Lidocaine is reported to have significant analgesic effects that are distinct from those produced by morphine (Wu et al. 2002). In this randomized double-blind, active-placebo-controlled, crossover trial, the authors demonstrated that stump pain was diminished both by morphine and by lidocaine while phantom pain was diminished only by morphine. These observations suggest that the mechanisms and pharmacological sensitivity of phantom and stump pains differ. Stump pain may be predominantly peripherally mediated via a mechanism involving sodium channels, while phantom pain may involve both peripheral and central mechanisms (Wu et al. 2002). Despite the observed efficacy, the drugs tested did not eliminate pain completely, suggesting that these patients may require multimodal therapy, and that future analgesic studies in this area should be expanded to include neuraxial opioids, anticonvulsants, and antidepressants to the currently tested drugs.
Abram and Yaksh in another animal model demonstrated that systemic local anesthetics can affect the behavioral responses to noxious stimulation by two distinct mechanisms (Abram and Yaksh 1994). While they are capable of blocking nociceptor-induced spinal sen-sitization, they do so incompletely and only at blood levels that are close to those associated with symptoms of toxicity. They also appear to have no effect on previously established spinal hypersensitivity. Therefore, it appears likely that the predominant effect of systemic lidocaine on neuropathic pain is through suppression of spontaneous impulse generation arising from injured nerve segments or associated dorsal root ganglia (Abram and Yaksh 1994).
Lidocaine is available as a 5% transdermal patch which is applied for 12 h per day and is approved for use in postherpetic neuralgia after the skin lesions have healed and the skin is intact. It can produce 30-40% reduction in pain in some patients. Although there are no controlled studies, some physicians are prescribing these patches for pain other than postherpetic neuralgia and the patients do get relief (e.g., low back pain and wrist pain). Galer reported in March 2005 at the American Pain Society annual meeting that his data strongly suggest that the patch (currently approved in the United States for treating postherpetic neuralgia) was as effective as celecoxib for reducing daily pain intensity in patients with osteoarthritis of the knee (Galer 2005).

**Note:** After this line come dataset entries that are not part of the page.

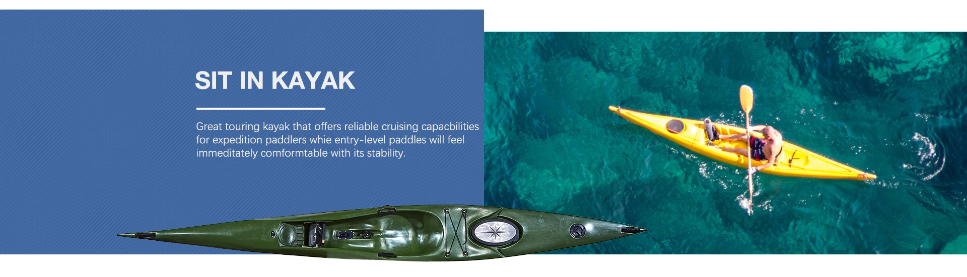 - Type: fishing kayak, touring kayak, single seat, sit-inside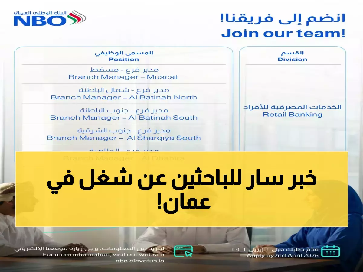 الرئيسية / تقارير وحوارات / عاجل: البنك الوطني العماني يعلن فتح 20+ وظيفة ذهبية للعمانيين - آخر موعد للتقديم 2 أبريل!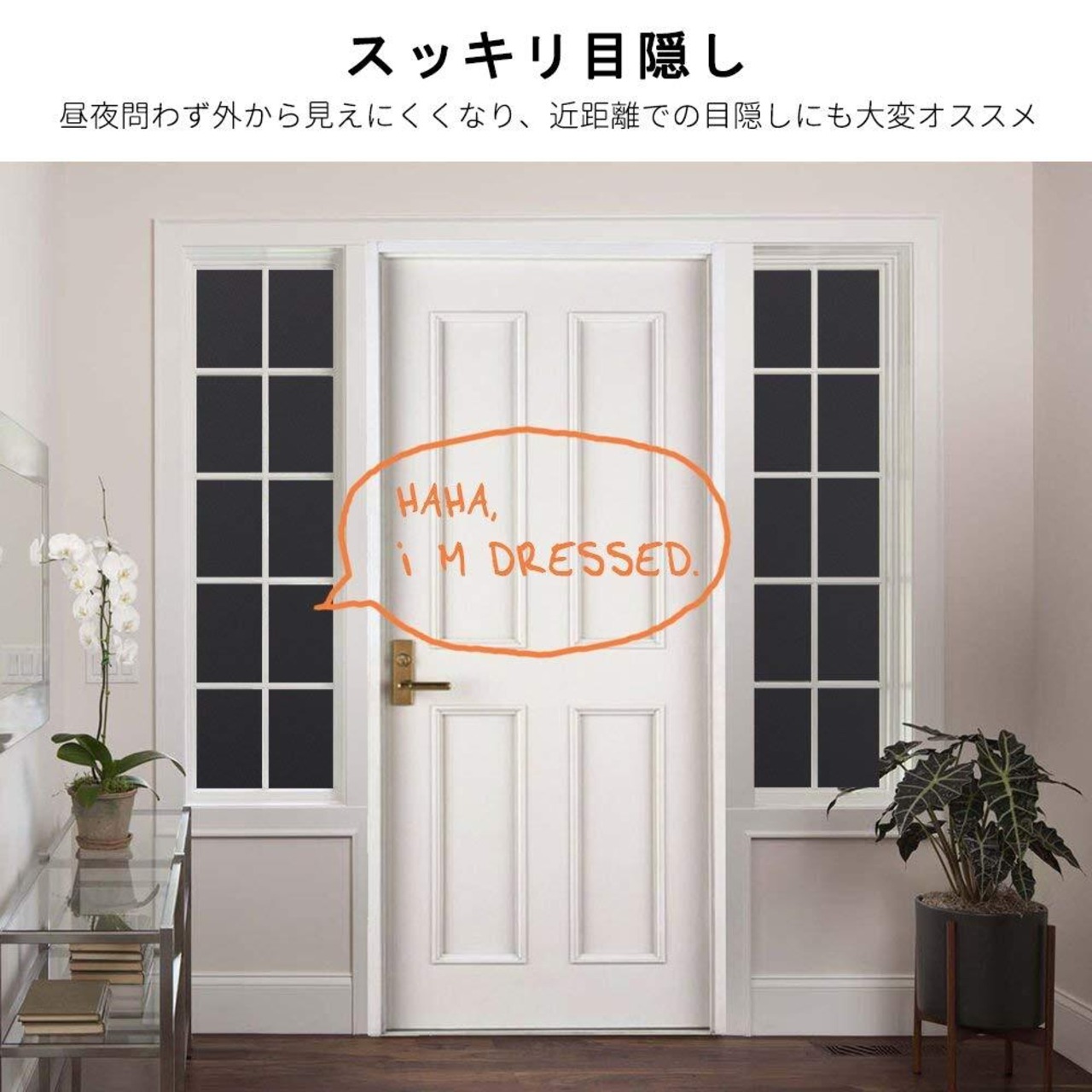 伝言板・リメイク可能:キレイめがお好きなお客様にもオススメ!この真っ黒で98%不透明のフィルムは遮光性、目隠し効果が抜群な代わりに、見た目がやや地味ですが、上にチョークで絵や文字を描いたりできるので、伝言板として使えるだけではなく、ご自由にリメイクできます。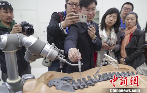 北京以科技创新引领高质量发展,研发出一批具有自主知识产权的技术与全球同步,甚至领先世界。图为北京天智航医疗科技股份有限公司自主研发的手术机器人,能够开展四肢、骨盆以及颈、胸、腰、骶脊柱全节段手术,临床精度达到0.8毫米。 贾天勇 摄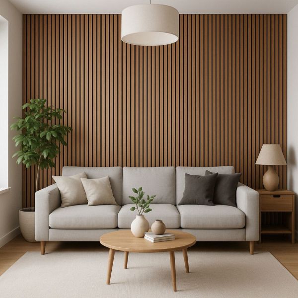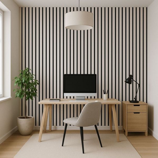 Lep in praktičen dizajn: Kombinacija dekorativnih lesenih letvic in akustične funkcije za vrhunski učinek.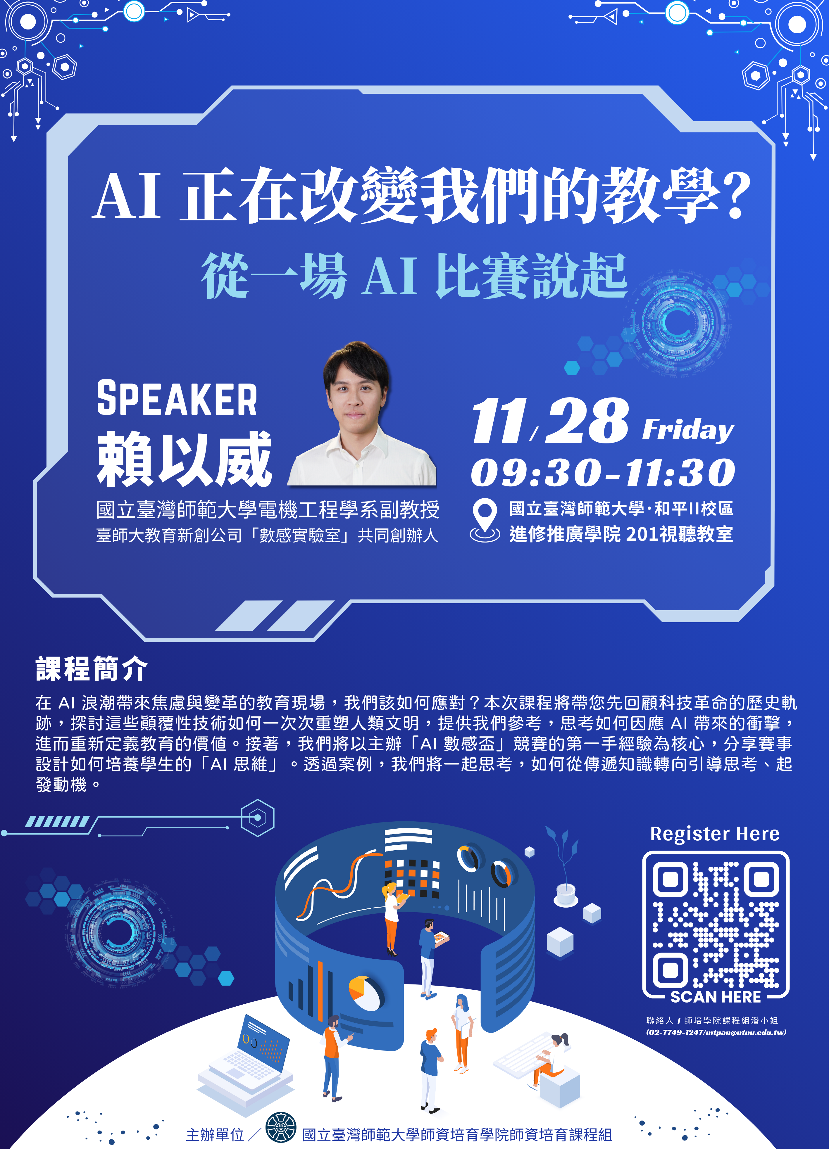 在 AI 浪潮帶來焦慮與變革的教育現場,我們該如何應對?臺師大師資培育學院師資培育課程組將於11 月 28日 (五) 09:30至11:30 辦理「AI 正在改變我們的教學?從一場 AI 比賽說起」實體講座,誠摯邀請您撥冗參與。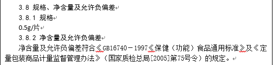 備案申請(qǐng)人應(yīng)按照《保?。üδ埽┦称吠ㄓ脴?biāo)準(zhǔn)》(GB 16740-1997)及《定量包裝商品計(jì)量監(jiān)督管理辦法》(國(guó)家質(zhì)檢總局[2005]第75號(hào)令)的規(guī)定,標(biāo)示產(chǎn)品的規(guī)格,并規(guī)定產(chǎn)品凈含量及允許負(fù)偏差,凈含量的單位可標(biāo)示為g/盒、mL/盒、g/袋等。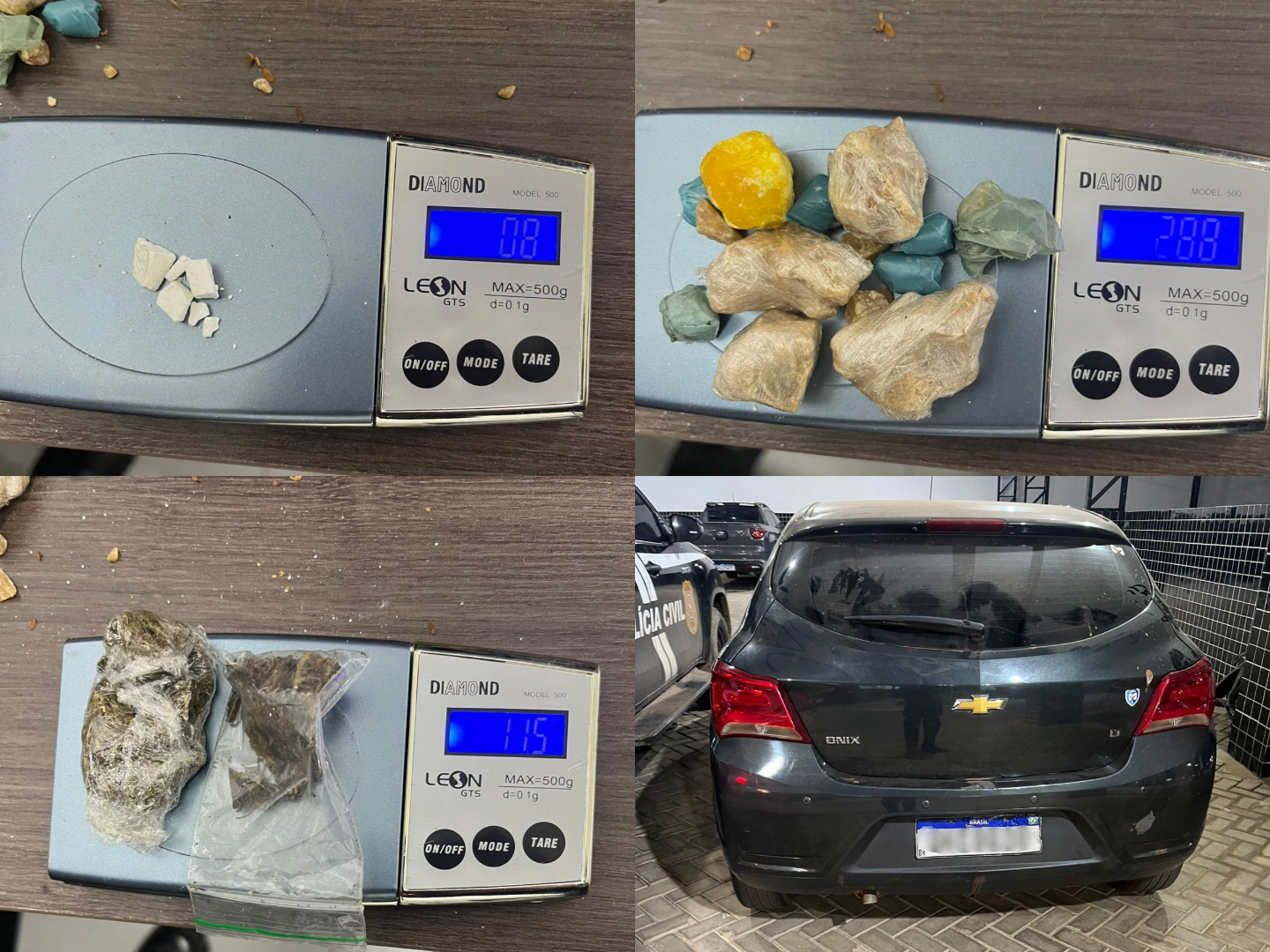 Portanto, os policiais apreenderam, além dos entorpecentes e celulares, um relógio e o veículo usado na ação. Em seguida, conduziram os suspeitos à Delegacia de Polícia Civil local, onde registraram o caso em Boletim de Ocorrência. Sendo assim, as autoridades seguem com as investigações e providências cabíveis.
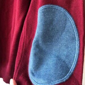 Zegna Baruffa Men's Italian Merino Wool Burgundy V-neck Elbow Patch Sweater L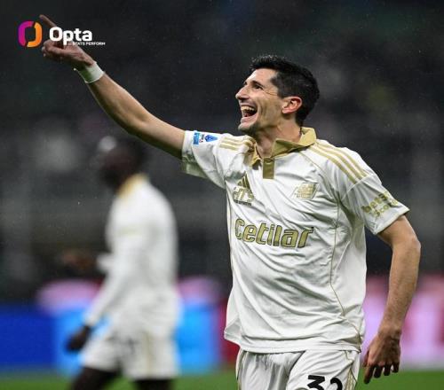 意甲第22轮,比萨客场对阵国际米兰,开场不到半个小时,比萨中场莫雷奥上演梅开二度,成为自2020年的伊布以来,首位意甲开场30分钟对国米打入两球的球员。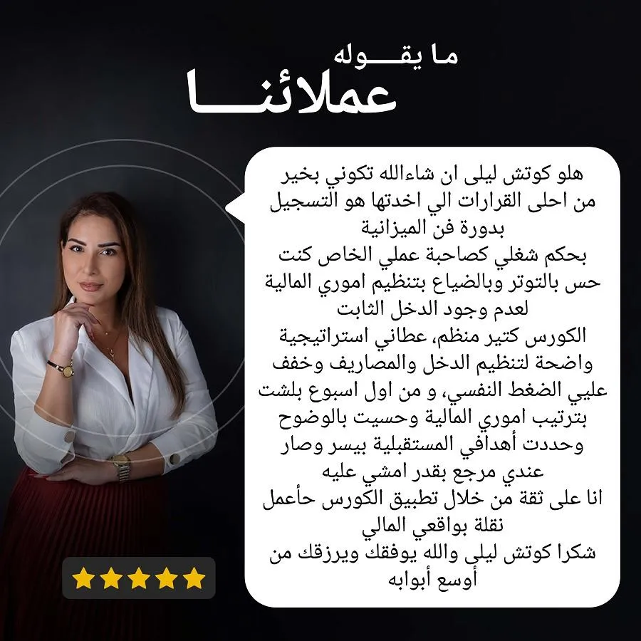مع ليلى، ستتعلمين خطوات مدروسة واستراتيجيات فعّالة تمنحك أدوات لتحقيق استقلال مالي واقعي ومستدام

Mexilitine [Mexitil® (Boehr Ingelheim Pharmaceuticals, Ridgefield, CT) 150 mg advancing to qid dosing] is a cardiac antiarrhythmic drug which is a lidocaine analogue available in oral form (Management of Chronic Pain Syndromes 2005). For cardiac arrhythmias, both mexilitine and lidocaine decrease ventricular irritability, stabilize the Purkinje fiber system, and decrease circuit reentry arrhythmias. It is this sodium channel interaction that likely reduced the neural activity in studies of neuroma-generated nerve pain (Chabal et al. 1989).